WASHINGTON -- Rep. John Culberson (R-Texas) frequently rails against government spending and the need for a smaller federal bureaucracy. Responding to President Barack Obama's State of the Union address in January, Culberson said, "The fact of the matter is that government can't create jobs like the private sector and government doesn't add value to the economy."
But in an email to his constituents about "job search resources," the two websites he highlighted were sites that focus on government and lobbying jobs.
In the email sent on Friday, Culberson wrote, "As your representative, I have worked to keep tax rates low and limit the size of government so businesses can grow and create jobs. With over 153 million people in our nation's labor force, we are a productive and hard-working country struggling through a turbulent economy."
"In an effort to help those of you who are looking for work, I have pulled together some resources that list a number of job vacancies in our area," he added.
The email then pointed constituents to two websites: USAJOBS -- The Federal Government's Official Jobs Site and Public Affairs Links, which describes itself as "the world's top website for careers in the lobbying industry."
"Additional listings are available on my website," continued Culberson, sending email readers to a page on his congressional site with links to the career pages of many local businesses.
The fact that Culberson chose to send an email highlighting his efforts to limit the size of the federal government on one hand, while advertising the need for individuals to fill federal vacancies and lobbying positions on the other, is at least an acknowledgment that public sector jobs are real jobs -- despite what other members of his party have asserted.
When asked about the choice of USAJOBS and Public Affairs Links, Culberson spokesperson Loree Thompson replied, "Congressman Culberson actually highlighted over 50 private sector job listing databases in the newsletter you are referring to. He did so with a link to our website toward the end of the letter. Due to Franking rules, we were only allowed to include government job listings in the actual email."
While Culberson's email described Public Affairs Links as a place where people can "subscribe to a email publication of government job listings," the site doesn't actually appear to list government jobs.

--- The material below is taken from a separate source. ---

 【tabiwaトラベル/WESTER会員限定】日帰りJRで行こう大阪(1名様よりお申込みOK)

Instead, it has openings for groups that lobby the government. For example, there's an ad for a director of public affairs and grassroots advocacy at the National Association of Manufacturers and another for a legislative and regulatory analyst at the American Insurance Association.

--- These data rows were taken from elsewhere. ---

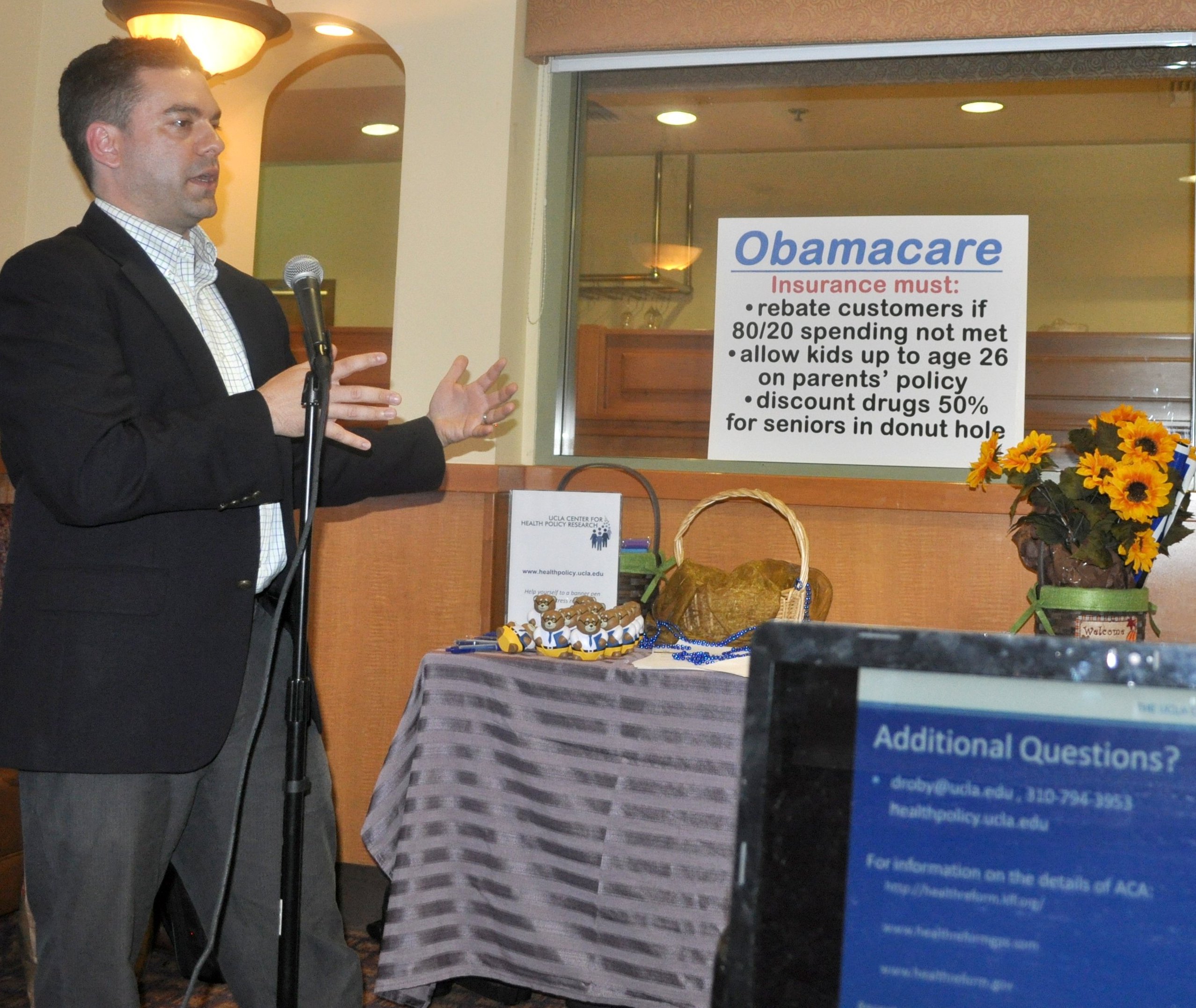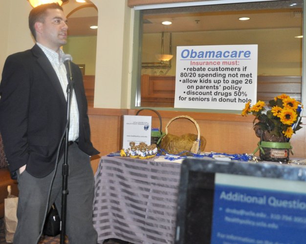 | |  Dylan Roby, PhD was the keynote speaker for the evening helping us seek answers to many questions regarding Obamacare. We thank him for joining our inquisitive group. Dylan Roby, PhD was the keynote speaker for the evening helping us seek answers to many questions regarding Obamacare. We thank him for joining our inquisitive group.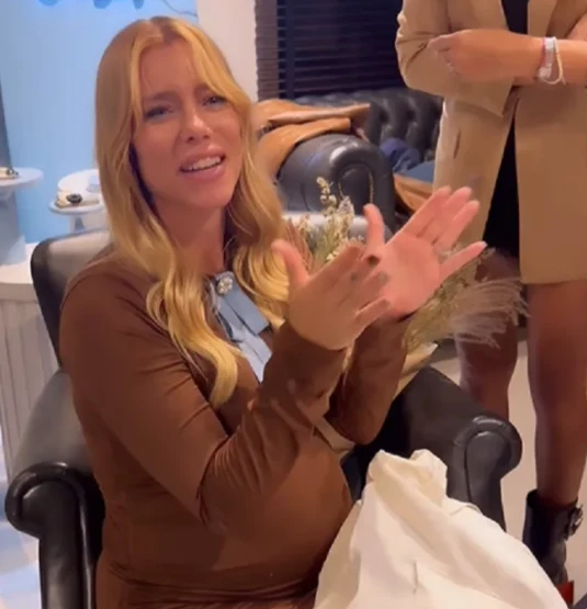 Nicole lució un vestido pegado al cuerpo en color marrón, tal cual la tendencia de moda, que remarcaba su pancita en el último trimestre de la gestación para una tarde donde su gente le expresó todo su cariño viviendo un evento que quedará para el recuerdo.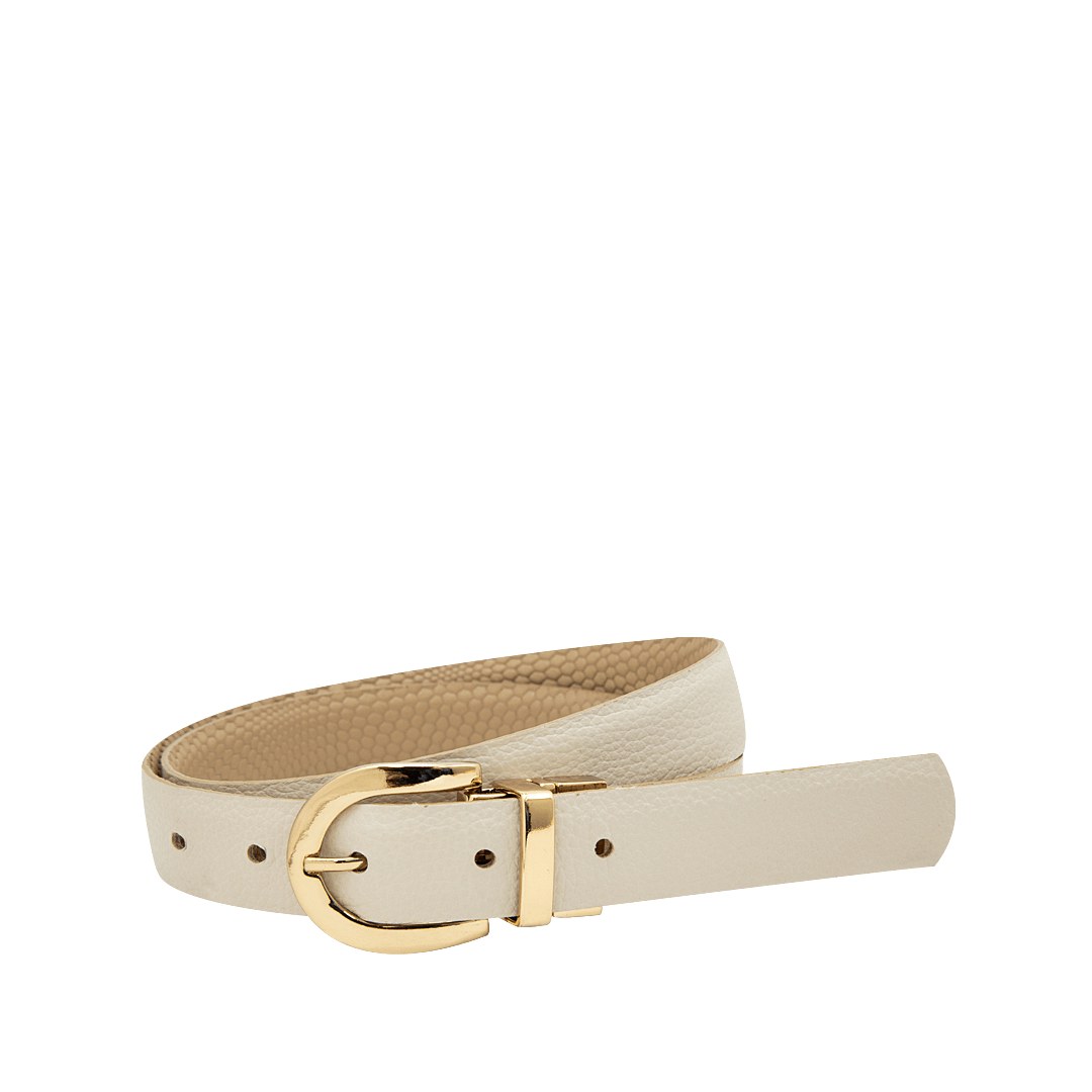 Cinturón doble faz en cuero cappuccino y blanco arena

Thompson said via email that the Public Affairs Link was "approved by and coincides with all Congressional Franking rules."
"The purpose of the newsletter was simply to provide job opportunities for any of Congressman Culberson's constituents that may be looking for work during a time when, as you know, over 13 million Americans are unemployed," added Thompson.
In late August, a group of protesters gathered outside Culberson's Houston office to hold a mock funeral for high-wage jobs in Texas.
"My brothers and my sisters, we are assembled here today to mourn the passing of the jobs in Texas. Jobs died because of a steady influx of minimum-wage jobs, tax breaks for corporations and the super-rich, and the policies of politicians like Rep. John Culberson," said Rev. Louis Dorsey at the rally organized by Good Jobs = Great Houston.
State and local governments shed 200,000 jobs last year, according to the U.S. Census. Texas actually had the biggest gain in state workers from 2009 to 2010, seeing a 5.9 percent increase (17,800 full-time jobs). "Local governments in Texas also added the most part-time jobs of all cities, counties and towns, 24,731," reported Reuters.